Lies About Poverty: Once You Make it Out, It’s Over

Lucinda Gunnin
4 min readMar 29, 2022

When you grow up in poverty, there are a lot of things you don’t get that middle class America thinks of as normal. Some are things like vacations. Some are less important when you’re a child, but have a much more lasting impact.

I’ve been talking a lot lately with other friends who lived in poverty for some or all of their lives. We’ve all come to the conclusion that one of the worst things about poverty is how it lingers. Things other people take for granted are not things you are accustomed to.

So let’s talk about some poverty realities that linger well past the time when your bank account looks healthier.

Poor Eating Habits

When you grow up in poverty, two things are usually true about food: there isn’t enough of it and what you have isn’t good for you.

The other day I was talking to friends about a time when I was nine that my stepfather had a long-term layoff from the mine where he worked. It was fall, so my mother bought a huge bag of flour and 100 pounds each of pinto beans and potatoes.

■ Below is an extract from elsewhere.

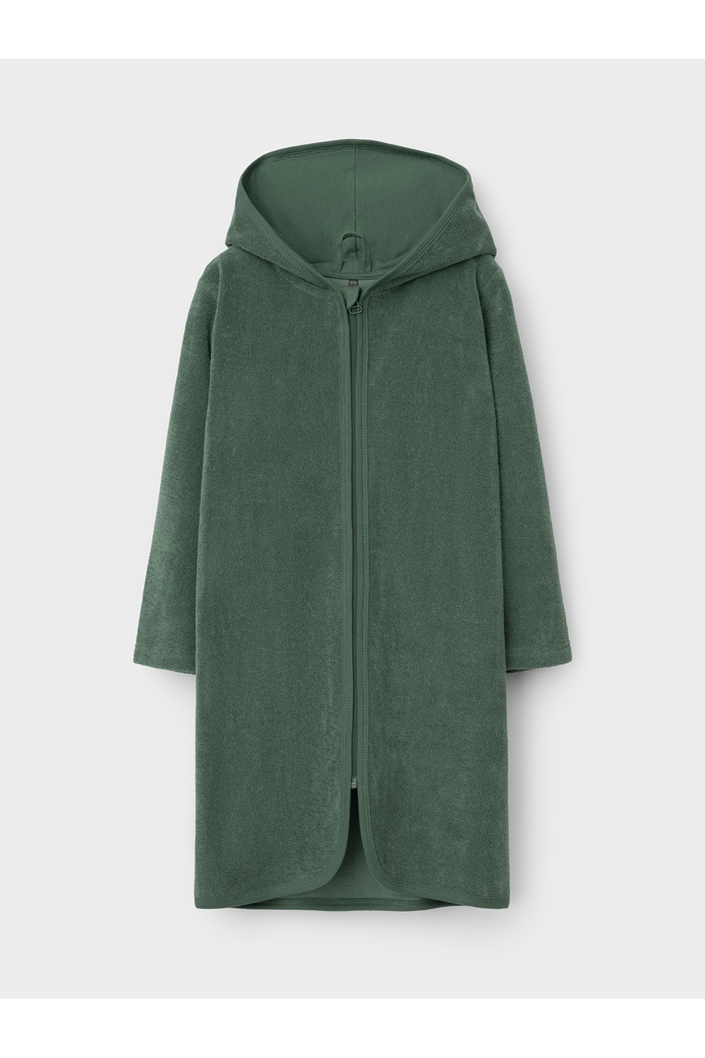 Однотонный махровый халат для мальчика на молнии без начёса. Капюшон с мягким подкладом. В боковых швах удобные карманы. Рукава и края изделия обработаны кантом.

I think there may have also been some huge cans of lard or shortening, but I was nine so I don’t remember all the details.

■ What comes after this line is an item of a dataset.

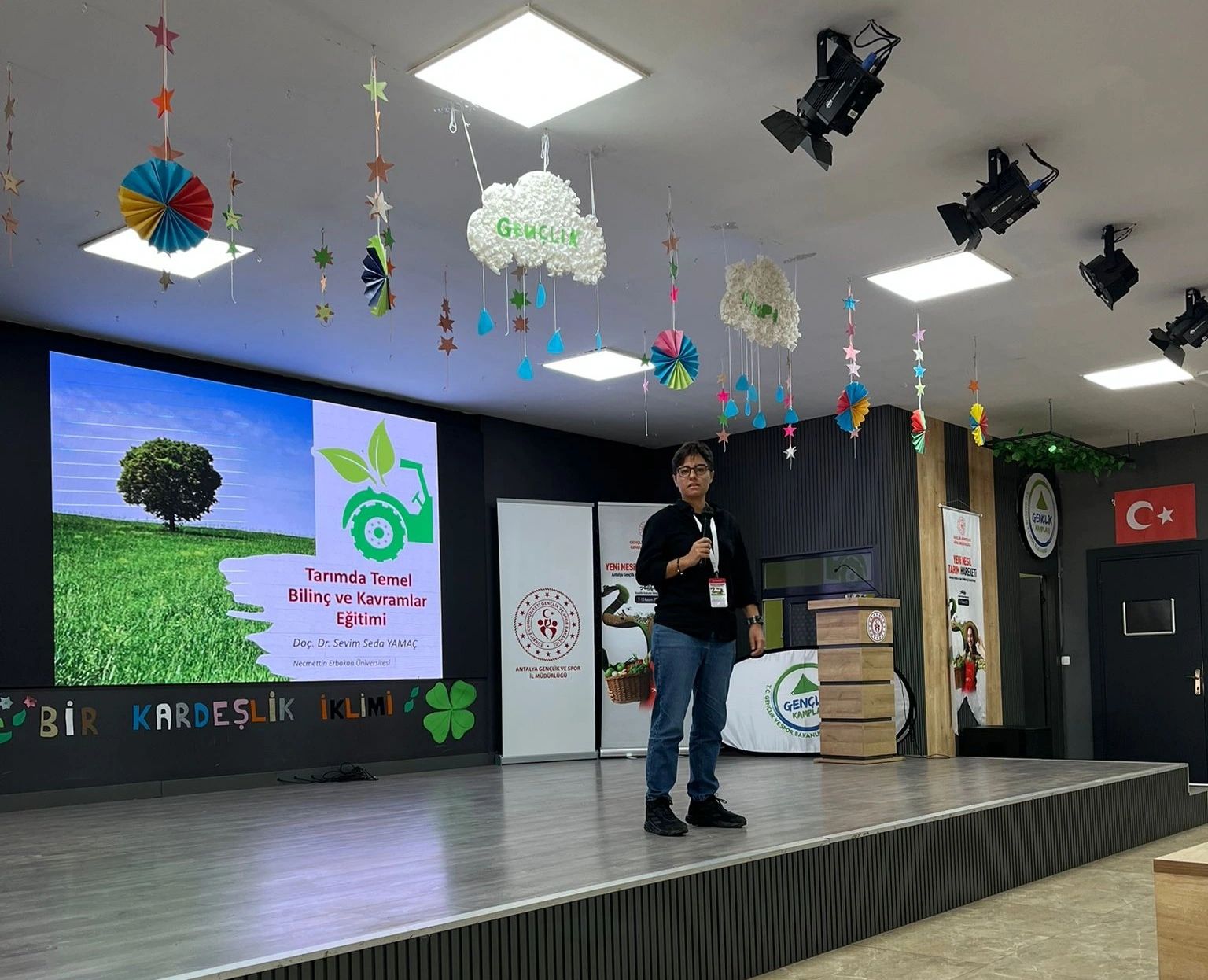 At the Next Generation Agriculture Movement Camp, which focused on the future of agriculture together with young people, Assoc. Prof. Dr. Sevim Seda Yamaç delivered a training session titled ‘Basic Awareness and Concepts in Agriculture’. The session provided high school students with an engaging and awareness-raising introduction to agriculture. Organized with the support of the General Directorate of Youth Services of the Ministry of Youth and Sports and in cooperation with UNICEF, the camp was held at the Antalya Aladdin Keykubad Camp Area.

As a kid, I sort of loved fried potatoes and I remember loving that instead of having white bread from the store my mom was baking bread or biscuits every day. And we spent most of that winter living on those commodities. We may have gotten a few other things from food pantries or food stamps, though neither were particularly plentiful in the early 1980s.

Looking at it now, there are so many things wrong with that diet I can’t enumerate them all, but mostly it was high carb and high fat with beans as the only source of protein and almost no vegetables or fruits. Certainly not the type of nutrition that growing children needed.

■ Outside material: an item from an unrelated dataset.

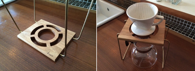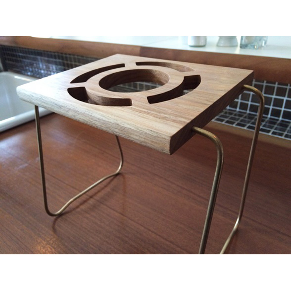 ハンドドリップ用1ポイントスタンド。脚には真鍮を使用し、温かみがあり、随所に日本の職人ならではのきめ細かい技が光る一品。自然の素材を活かし、1点1点手作りしています。脚の真鍮は、木部に差し込み式なので取り外し可能です。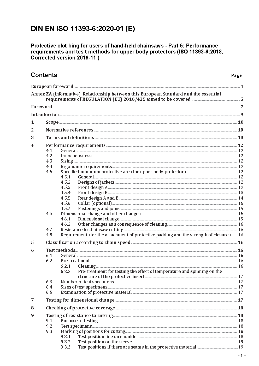 Protective clothing for users of hand-held chain-saws - Part 6: Test methods and performance requirements for upper body protectors (ISO/DIS 11393-6:2016); German and English version prEN ISO 11393-6:2016

In 2016, 12.7 percent of Americans, or more than 40 million people including 18 million children lived in poverty. Meals like my mother planned would actually be considered a blessing to many of those people. But the reality is that it taught us horrible lessons about food and led many to be both malnourished and obese.

The lingering problems for childhood food insecurity include everything from chronic health issues to eating disorders. According to the American Heart Association, there is more cardiovascular disease and higher overall death rates among those reporting food insecurity.

The problems don’t disappear as people earn more money and many have lifelong battles with their relationship with food.

Lack of dental care

Many people in poverty have little or no access to dental care. For those who rely on publicly funded medical programs like those available to children in poverty, there is almost never dental care included. If there is, it covers one cleaning a year and emergency fillings. There is no plan for orthodontia or preventative dental care.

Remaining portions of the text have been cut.